3. Recognize and minimize any economic impacts from global warming legislation; and

Okay, this is where there is a core problem of the messaging of this document.  This seems, in the phrasing, to buy into the false framing from organizations like the National Association of Manufacturers that dealing with Global Warming will “cost”, that it will have a negative impact on the economy.    In fact, dealing with Global Warming (if we do so efficiently) will likely have a positive impact, as long as we do holistic analysis that accounts for costs and benefits (with huge positive impact if we include benefits of avoided costs from catastrophic climate change).  Environment Defense Fund just release a report examing multiple models of the economic impact of climate-change legislation and found, across all these models, very low impact. There is a major caveat calling into question the validity of these models’ results:

Importantly none of these models takes into account the damages from allowing global warming to build up unchecked and the value of avoiding them.  THat is, they look at only one side of the ledger: the costs of acting, not the benefits.  These “costs” o freducing emissions actually represent an investment that will pay enormous dividends– by creating a low-carbon economy filled with new opportunity, and by ensuring a livable planet for generations to come.

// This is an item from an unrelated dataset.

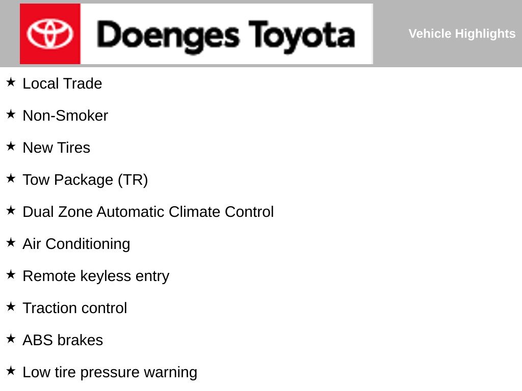 *All vehicles are subject to prior sale. TSRP and equipment on new vehicles in the build phase may change before final assembly and delivery to Doenges Toyota. Vehicle pricing does not include government tax, title, lien entry, and registration fees which must be paid by the purchaser. Pricing is subject to change. While great effort is made to ensure accuracy of the information on this site, errors may occur. Please call us at (877) 620-9449 or visit the dealership for details and to confirm vehicle availability.

In other words, the models were constantly conservative in underestimating both the direct (new industries) and indirect (value of avoiding global warming damage) benefits from pursuing well-structured global warming legislation.  This matters:  Going Green will benefit, not hurt, the economy, businesses, and most households.  To be honest, I truly think that Markey, Waxman, and Inslee fully get this.  But, this framing matters. The words in goal #3 imply (no matter what they beleive / think) buying into a framing that dealing with Global Warming will have a cost and that the environment is set against the economy when in fact the framing should be the environment and the economy.  And, again, these three Representatives almost certainly ‘get’ the holistic implications and benefits from doing Global Warming legislation right.  This press release and letter to the Speaker do not, however, convey that understanding.

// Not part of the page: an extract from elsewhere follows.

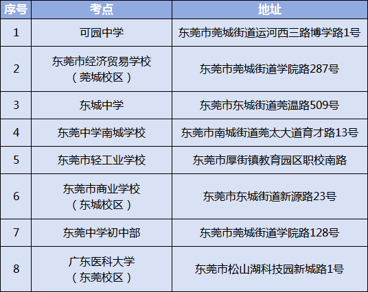 东莞市2024年全国硕士研究生招生考试考点安排表
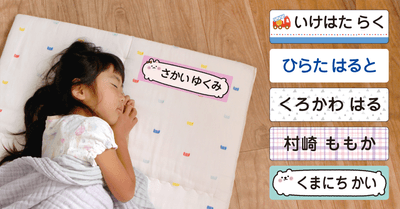 保育園の入園準備に人気の「昼寝布団用お名前シール」に、かわいい新デザイン12種が仲間入り。

4. Aid communities and ecosystems vulnerable to harm from global warming.

Fine, again, with quibbling with words perhaps but words and framing matters.

Now, each of these goals have a reasonable amount of additional substance, yet these are the four bullets that are called out strongly, the “elevator speech” if you wish.  And, most critically, item #3 is worded in a way suggestive of the NAM-false flag discussion (even though I know that these members know better than this and the material from Markey’s committee normally falls into these traps).

An alternative framing

Let us take a moment to revisit another set of principles.   There are three core principles for global warming legislation:

  • Scientifically sound
  • Polluters pay
  • Social equity

These can be translated into the “goals” outlined by the Representatives:

  1. Avoid catastrophic climate change via legislation guided by scientific knowledge/advice.
  2. Foster a prosperous, climate-friendly society by making it financially undesirable to be a polluter.
  3. Provide appropriate assistance to those unduly burdened by transition costs or Global Warming impacts.

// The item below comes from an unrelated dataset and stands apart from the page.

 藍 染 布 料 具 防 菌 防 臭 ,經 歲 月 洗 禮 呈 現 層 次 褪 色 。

Again, there is much of real value in this press release and in the letter to the Speaker.   And, this is a set of principles and goals that are far stronger and more valuable than those embedded in the Lieberman-Warner Coal-Subsidy Act.  Even so, better does not necessarily mean good enough, especially when it is material from three of the best members of Congress when it comes to energy and environmental issues.  Perhaps, if this is to be revisited, the next round will take a more holistic view as to costs/benefits and judge judiciously the impacts of key bullets on conveying intended messages.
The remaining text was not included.